BMG-Q: Localized Bipartite Match Graph Attention Q-Learning for Ride-Pooling Order Dispatch

This paper introduces Localized Bipartite Match Graph Attention Q-Learning (BMG-Q), a novel Multi-Agent Reinforcement Learning (MARL) algorithm framework tailored for ride-pooling order dispatch. BMG-Q advances ride-pooling decision-making process with the localized bipartite match graph underlying the Markov Decision Process, enabling the development of novel Graph Attention Double Deep Q Network (GATDDQN) as the MARL backbone to capture the dynamic interactions among ride-pooling vehicles in fleet. Our approach enriches the state information for each agent with GATDDQN by leveraging a localized bipartite interdependence graph and enables a centralized global coordinator to optimize order matching and agent behavior using Integer Linear Programming (ILP). Enhanced by gradient clipping and localized graph sampling, our GATDDQN improves scalability and robustness. Furthermore, the inclusion of a posterior score function in the ILP captures the online exploration-exploitation trade-off and reduces the potential overestimation bias of agents, thereby elevating the quality of the derived solutions. Through extensive experiments and validation, BMG-Q has demonstrated superior performance in both training and operations for thousands of vehicle agents, outperforming benchmark reinforcement learning frameworks by around 10% in accumulative rewards and showing a significant reduction in overestimation bias by over 50%. Additionally, it maintains robustness amidst task variations and fleet size changes, establishing BMG-Q as an effective, scalable, and robust framework for advancing ride-pooling order dispatch operations.
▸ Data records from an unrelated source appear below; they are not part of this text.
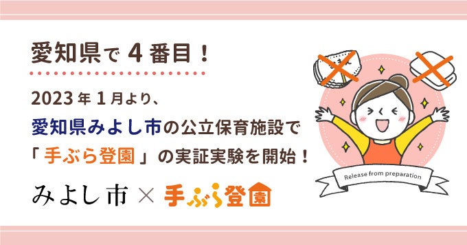 BABY JOB株式会社(本社:大阪府大阪市、以下当社)は、愛知県みよし市の公立保育施設において、当社とユニ・チャーム株式会社が提供する、保育施設向け紙おむつの定額サービス「手ぶら登園」の実証実験を、2023年1月より2か月間実施することをお知らせします。愛知県内の公立保育施設では、豊橋市、半田市、豊田市に続いて4番目の実証実験になります。
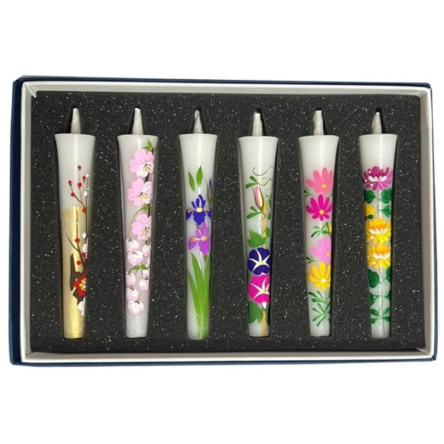 (御供 のし付き 包装品)絵ろうそく 花ろうそく 3号 6本 入り 手描き ( 手書き ) 花蝋燭セット 和ろうそく 絵ろーそく 春夏秋冬 キャンドル 法事 仏壇神棚 贈答用 お供え物 ギフト 贈り物 手土産 お土産 #3063
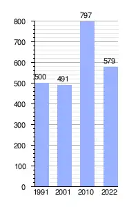 Tras el censo de 2022 se conoció una caída en el crecimiento sostenido de la localidad con 579 habitantes y unas 254 viviendas. Además, el censo dio a conocer datos de su composición poblacional (121 hombres 113 mujeres), población urbana sin población rural dispersa o localidades dispersas en el municipio (234) densidad y área urbana.[4][5]
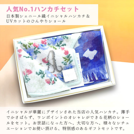 日本製 イニシャルハンカチ&UVカットショール ギフトセット ラッピング済 アーンジョー Enjeau
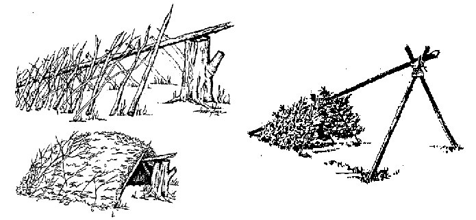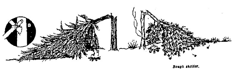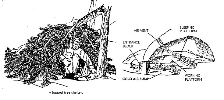 Snow or rock caves will be easily recognizable—but not so obvious are the spaces left beneath the spreading boughs of conifers in the northern forests when the snow has already built up around them. A medium-sized tree may have a space right around the trunk (a) or a large one have pockets in the snow beneath a branch (b). Try digging under any tree with spreading branches on the lee side.
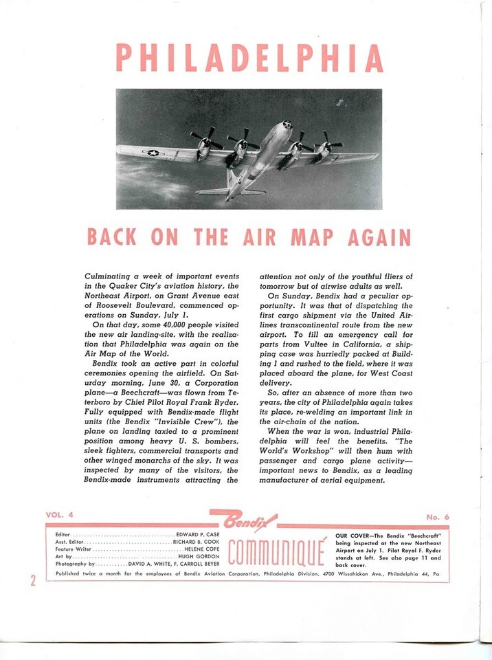 Bendix Communique, Volume 4, Number 6, July 16, 1944. With cover of Bendix Beechcraft B-26 and feature article on the Philadelphia Northeast Airport . Plus lots of company and employee photos and information
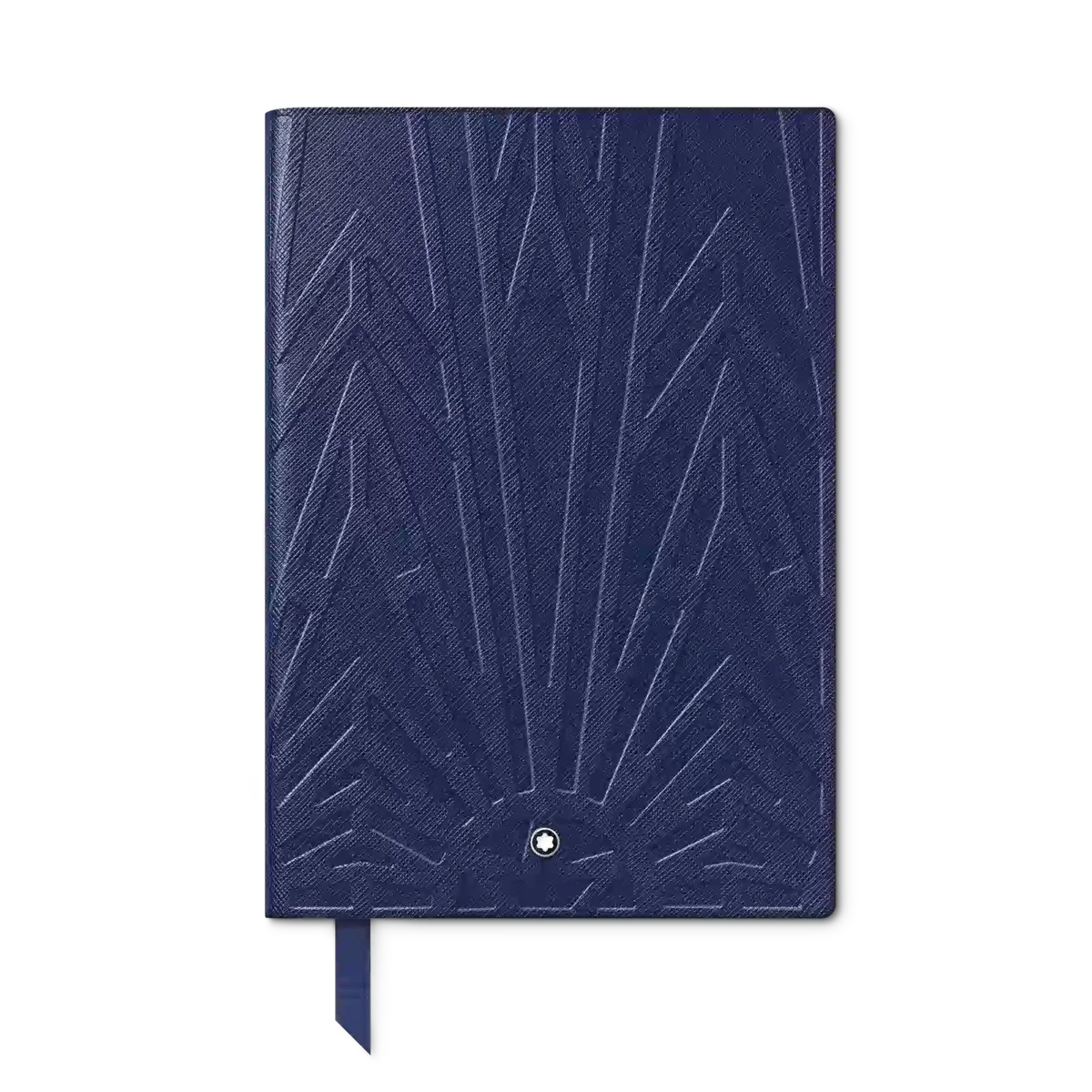 Notizbuch Nr. 163 mittel, Meisterstück The Origin Collection, blau – liniert. Das Art-Déco-Muster der Schreibgeräte ist auf dem Einband geprägt. Hergestellt in Italien. 120 Blatt/240 Seiten. Maße 170 x 240 mm.

翻译：本文提出了一种新颖的、专为拼车订单调度设计的局部二分匹配图注意力Q学习（BMG-Q）多智能体强化学习（MARL）算法框架。BMG-Q通过将局部二分匹配图作为马尔可夫决策过程的基础，推进了拼车决策过程，并由此开发了新颖的图注意力双深度Q网络（GATDDQN）作为MARL主干，以捕捉车队中拼车车辆间的动态交互。我们的方法利用局部二分相互依赖图，通过GATDDQN丰富了每个智能体的状态信息，并使一个集中式全局协调器能够使用整数线性规划（ILP）来优化订单匹配和智能体行为。通过梯度裁剪和局部图采样的增强，我们的GATDDQN提高了可扩展性和鲁棒性。此外，在ILP中加入后验评分函数捕捉了在线探索与利用的权衡，并减少了智能体潜在的高估偏差，从而提升了所得解决方案的质量。通过广泛的实验和验证，BMG-Q在数千个车辆智能体的训练和运营中均表现出优越的性能，其累积奖励比基准强化学习框架高出约10%，并且高估偏差显著降低了50%以上。此外，它在任务变化和车队规模变化中保持了鲁棒性，确立了BMG-Q作为一个有效、可扩展且鲁棒的框架，可用于推进拼车订单调度运营。